Records drawn from a dataset:
----
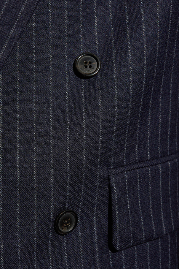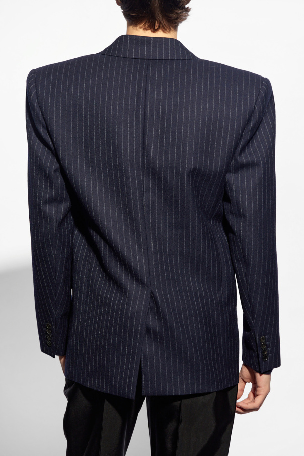 Navy blue blazer from Saint Laurent. Made from wool with a double-breasted silhouette, this style is embellished with light-coloured pinstripes and features a single back vent, button fastenings, peak lapels, one welt pocket, two flapped pockets, long sleeves and a silk lining.
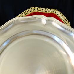 Стара калаена чиния за стена, пано, майсторска ръчна изработка от 95% калай и 5% сребро, маркирана с релефен печат на производителя. Предназначена за гравиране на персонализиран текст, снимка и др., като незабравим подарък за специален повод – калаена сватба, рожден ден, юбилей и др. Диаметър 23.5 см., височина 2 см., тегло 650 гр.
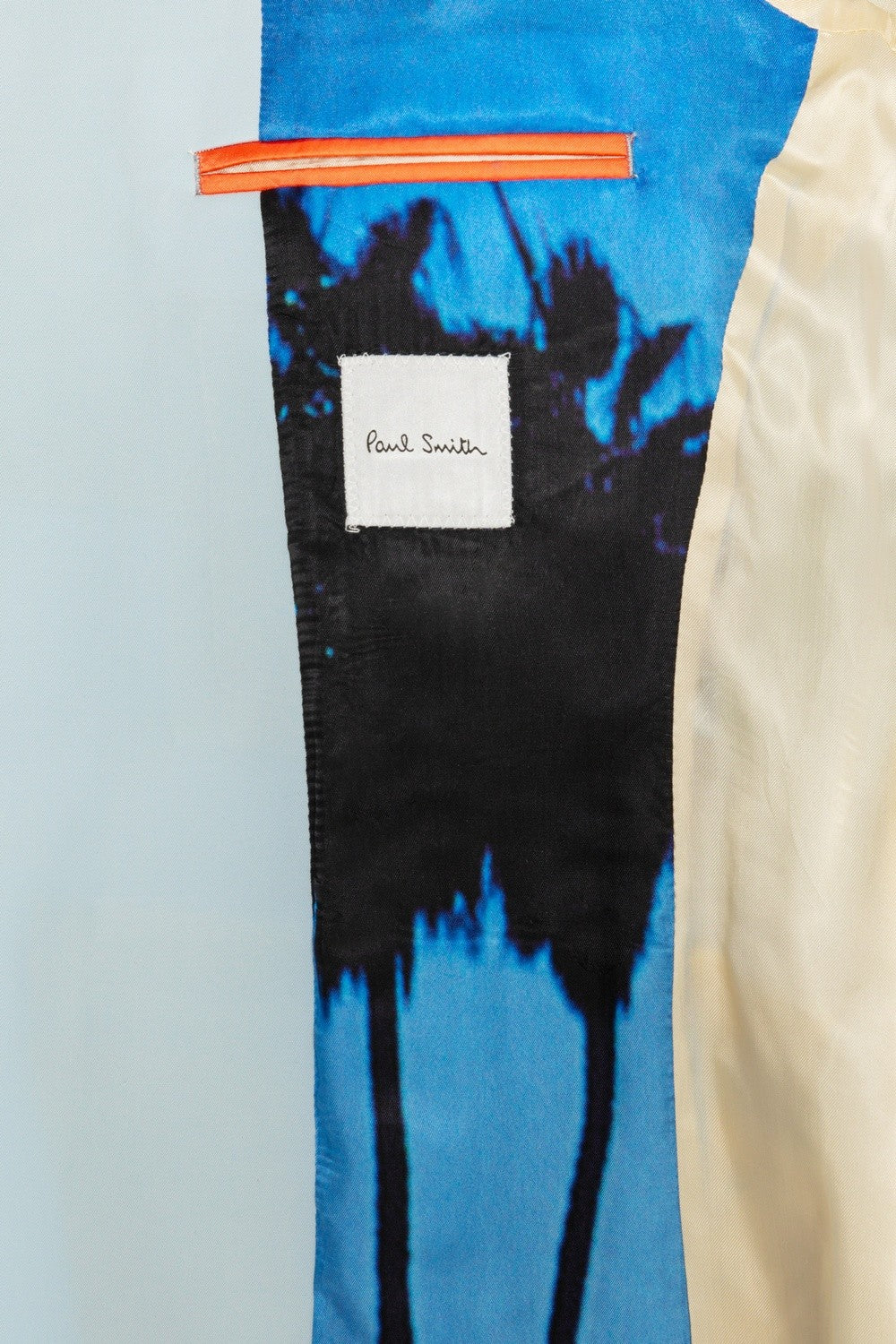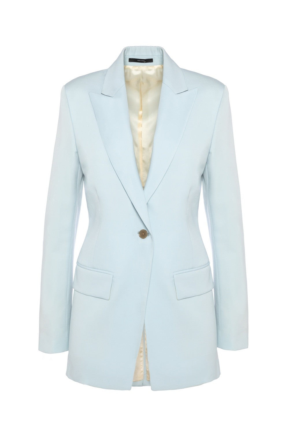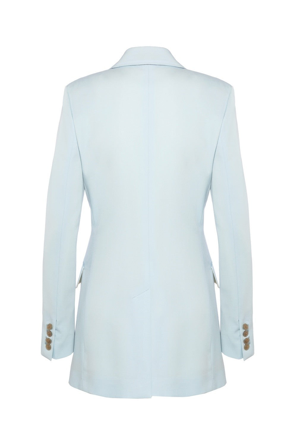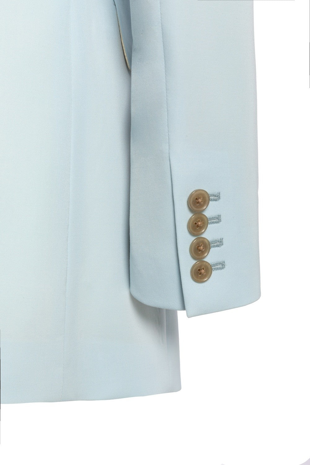 Bottoni in corno, spalline, polsini con bottoni, due tasche laterali con patta, chiusura con bottone sul davanti monopetto, totalmente foderato e con mono spacco sul retro.
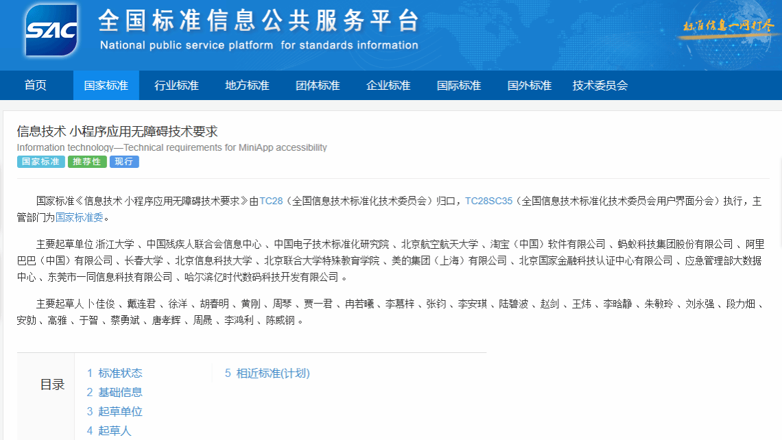 近日,国家标准《信息技术 小程序应用无障碍技术要求》(GB/T 45395—2025,以下简称《技术要求》)在全国标准信息公共服务平台发布。beat365作为起草单位参与了标准的组织、撰写与技术框架设计工作。
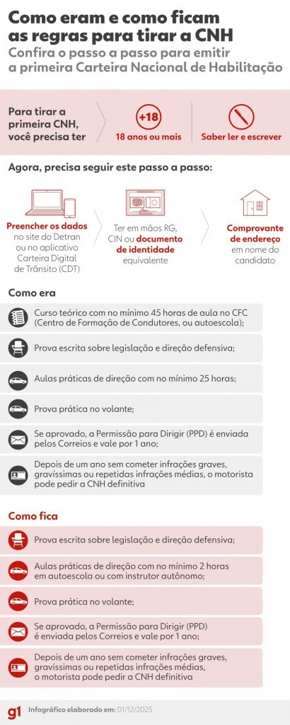 O ministro dos Transportes, Renan Filho (MDB), afirmou que as novas regras para obtenção da Carteira Nacional de Habilitação (CNH) começam a valer nesta semana. Entre as alterações, estão o fim da exigência de aulas obrigatórias em autoescolas e a renovação automática e gratuita do documento para motoristas classificados como "bons condutores" (mais detalhes abaixo).
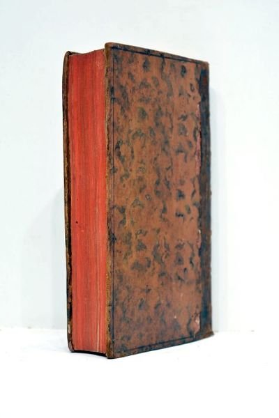 Tome 2 seul. 533 pages. (17,5x10,5cm). Pleine basane. Dos à nerfs richement décoré en or. Pièce de titre maroquin rouge. Filet doré sur les coupes. Tranches rouges. Gardes de papier marbré. Reliure usagée. Dos frotté. Manques de cuir à la coiffe inférieure et aux plats. Coupes et coiffes élimées. Quelques rousseurs à l'intérieur. Etat intérieur agréable. Exemplaire relié à l'époque dans une pleine basane qui mérite une restauration importante.
----
TASK OBJECTIVE:
Exact duplicates of all the entries are required, and no image may appear in them.

ANSWER SPACE:
 Navy blue blazer from Saint Laurent. Made from wool with a double-breasted silhouette, this style is embellished with light-coloured pinstripes and features a single back vent, button fastenings, peak lapels, one welt pocket, two flapped pockets, long sleeves and a silk lining.
 Стара калаена чиния за стена, пано, майсторска ръчна изработка от 95% калай и 5% сребро, маркирана с релефен печат на производителя. Предназначена за гравиране на персонализиран текст, снимка и др., като незабравим подарък за специален повод – калаена сватба, рожден ден, юбилей и др. Диаметър 23.5 см., височина 2 см., тегло 650 гр.
 Bottoni in corno, spalline, polsini con bottoni, due tasche laterali con patta, chiusura con bottone sul davanti monopetto, totalmente foderato e con mono spacco sul retro.
 近日,国家标准《信息技术 小程序应用无障碍技术要求》(GB/T 45395—2025,以下简称《技术要求》)在全国标准信息公共服务平台发布。beat365作为起草单位参与了标准的组织、撰写与技术框架设计工作。
 O ministro dos Transportes, Renan Filho (MDB), afirmou que as novas regras para obtenção da Carteira Nacional de Habilitação (CNH) começam a valer nesta semana. Entre as alterações, estão o fim da exigência de aulas obrigatórias em autoescolas e a renovação automática e gratuita do documento para motoristas classificados como "bons condutores" (mais detalhes abaixo).
 Tome 2 seul. 533 pages. (17,5x10,5cm). Pleine basane. Dos à nerfs richement décoré en or. Pièce de titre maroquin rouge. Filet doré sur les coupes. Tranches rouges. Gardes de papier marbré. Reliure usagée. Dos frotté. Manques de cuir à la coiffe inférieure et aux plats. Coupes et coiffes élimées. Quelques rousseurs à l'intérieur. Etat intérieur agréable. Exemplaire relié à l'époque dans une pleine basane qui mérite une restauration importante.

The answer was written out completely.